▸ **Given data**
===============
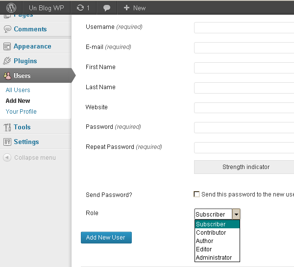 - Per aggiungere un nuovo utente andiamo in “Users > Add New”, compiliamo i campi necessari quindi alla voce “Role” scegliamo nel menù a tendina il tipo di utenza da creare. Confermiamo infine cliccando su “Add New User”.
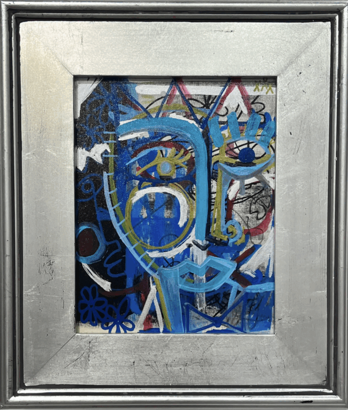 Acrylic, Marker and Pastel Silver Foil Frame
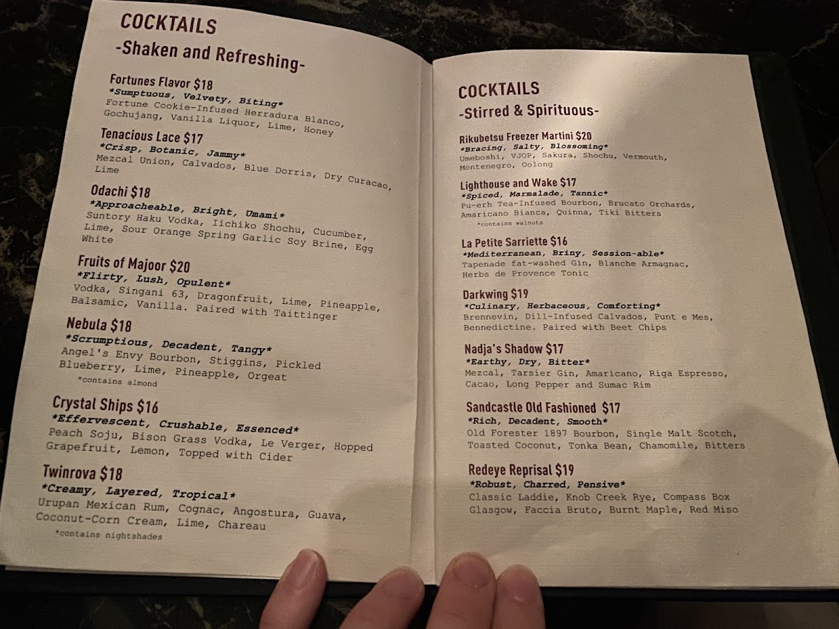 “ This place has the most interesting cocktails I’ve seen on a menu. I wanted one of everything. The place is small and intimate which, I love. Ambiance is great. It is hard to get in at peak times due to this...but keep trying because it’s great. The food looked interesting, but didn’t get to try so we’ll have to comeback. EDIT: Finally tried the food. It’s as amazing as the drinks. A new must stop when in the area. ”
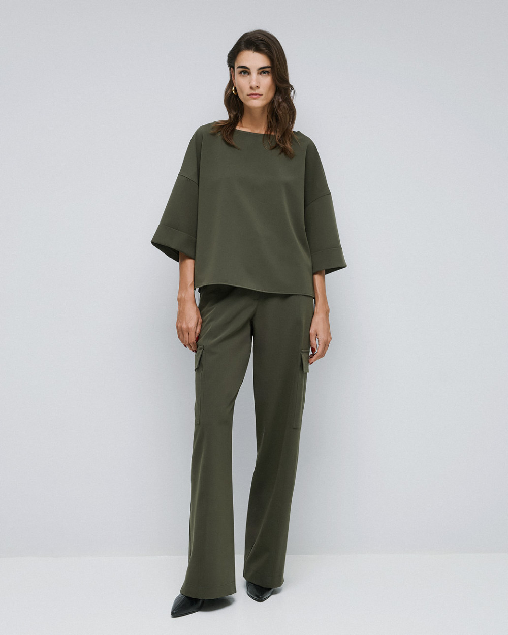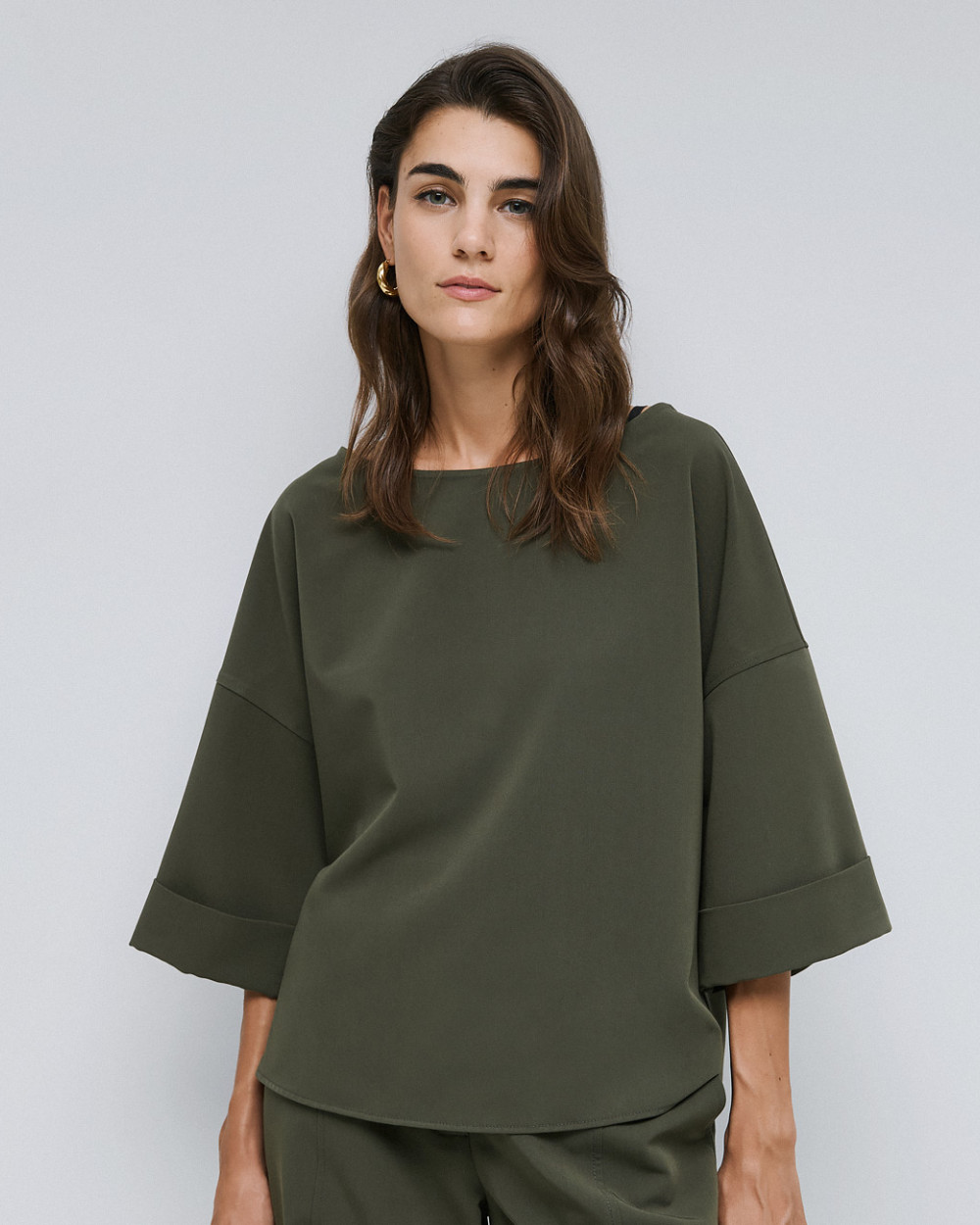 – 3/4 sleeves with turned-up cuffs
===============
▸ **Exercise description**
All of the material above is to be retyped verbatim, with its pictures omitted.

▸ **Task output**
 - Per aggiungere un nuovo utente andiamo in “Users > Add New”, compiliamo i campi necessari quindi alla voce “Role” scegliamo nel menù a tendina il tipo di utenza da creare. Confermiamo infine cliccando su “Add New User”.
 Acrylic, Marker and Pastel Silver Foil Frame
 “ This place has the most interesting cocktails I’ve seen on a menu. I wanted one of everything. The place is small and intimate which, I love. Ambiance is great. It is hard to get in at peak times due to this...but keep trying because it’s great. The food looked interesting, but didn’t get to try so we’ll have to comeback. EDIT: Finally tried the food. It’s as amazing as the drinks. A new must stop when in the area. ”
 – 3/4 sleeves with turned-up cuffs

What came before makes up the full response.